La victoire sur Capablanca avec les Noirs
Bien que Marshall ait un score négatif contre Capablanca (+2 =28 -20), il est l'un des rares joueurs à l'avoir vaincu avec les Noirs. La partie s'est déroulée à La Havane en 1913[5] :
1. e4 e5 2. Cf3 Cf6 3. Cxe5 d6 4. Cf3 Cxe4 5. d4 d5 6. Fd3 Fg4 7. O-O Cc6 8. c3 Fe7 9. Cbd2 Cxd2 10. Fxd2 O-O 11. h3 Fh5 12. Te1 Dd7 13. Fb5 Fd6 14. Ce5 Fxe5 15. Dxh5 Ff6 16. Ff4 Tae8 17. Te3 Txe3 18. fxe3 a6 19. Fa4 b5 20. Fc2 g6 21. Df3 Fg7 22. Fb3 Ce7 23. e4 dxe4 24. Dxe4 c6 25. Te1 Cd5 26. Fxd5 cxd5 27. De7 Dc8 28. Fd6 h6 29. Tf1 f6 30. Te1 Td8 31. Fc5 Rh7 32. Df7 Df5 33. Fe7 Dd7 34. Rf1 Tf8 35. De6 Dxe6 36. Txe6 Te8 37. Te2 Rg8 38. b3 Rf7 39. Fc5 Txe2 40. Rxe2 f5 41. Rd3 Re6 42. c4 bxc4+ 43. bxc4 g5 44. g4 f4 45. Fb4 Ff6 46. Ff8 dxc4+ 47. Rxc4 f3 48. d5+ Re5 49. Rd3 Rf4 50. Fd6+ Fe5 51. Fc5 Rg3 52. Re4 Ff4 53. d6 f2 0-1.

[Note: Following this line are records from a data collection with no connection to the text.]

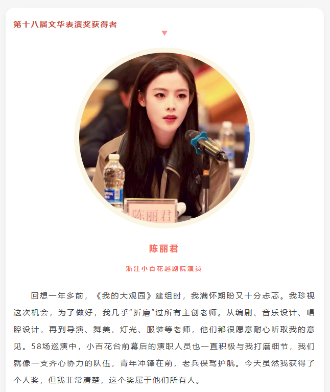 【】 近日,第十八届文华奖获奖单位和代表座谈会在重庆召开。会上, 作为第十八届文华表演奖获得者发表获奖感言:回想一年多前,《我的大观园》建组时,我满怀期盼又十分忐忑。我珍视这次机会,为了做好,我几乎“折磨”过所有主创老师。从编剧、音乐设计、唱腔设计,再到导演、舞美、灯光、服装等老师,他们都很愿意耐心听取我的意见。58场巡演中,小百花台前幕后的演职人员也一直积极与我打磨细节,我们就像一支齐心协力的队伍,青年冲锋在前,老兵保驾护航。今天虽然我获得了个人奖,但我非常清楚,这个奖属于他们所有人。
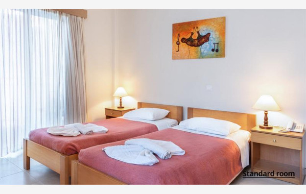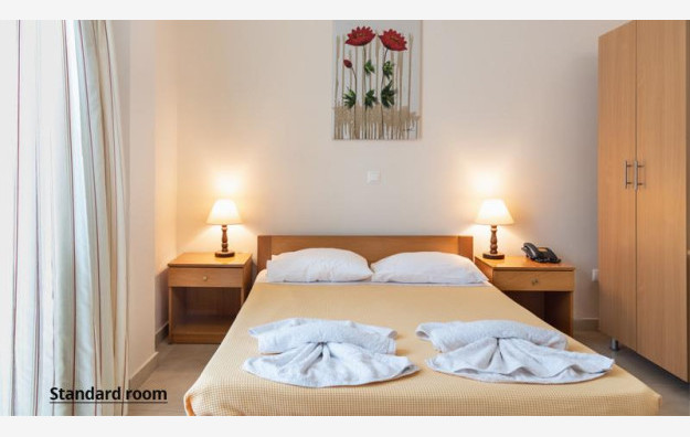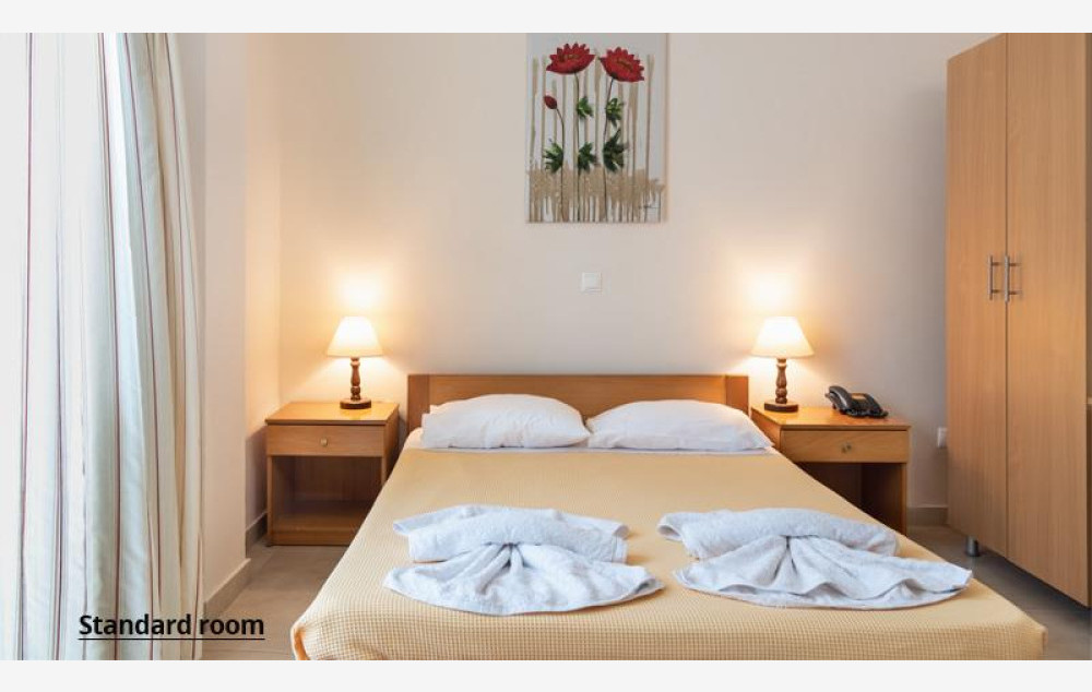 Hotel raspolaže sa 42 smeštajne jedinice. Sve sobe sadrže klima uređaj (uz doplatu 5 evra dnevno), SatTV, telefon, Wi-fi internet besplatno, mini frižider, sef (besplatno), kupatilo, balkon ili terasu. U ponudi su standardne sobe koje sadrže francuski ili dva odvojena ležaja i primaju maksimalno dve osobe.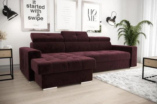 Zadní strana je čalouněná, takže ji můžete umístit do rohu i středu místnosti. Nožky jsou chromované.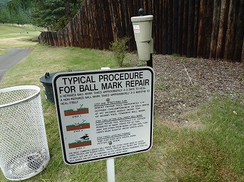 ほかに、グリーン上のボールマーク修復を促す「ボールリペア」の看板も全部英語のアメリカのものを使用。

Les défaites de Capablanca en finale sont rares.
Bibliographie
- Frank Marshall, My Fifty Years of Chess ISBN 1-84382-053-6.
- Andy Soltis, Frank Marshall, United States Chess Champion: A Biography With 220 Games, 1994, ISBN 0-89950-887-1.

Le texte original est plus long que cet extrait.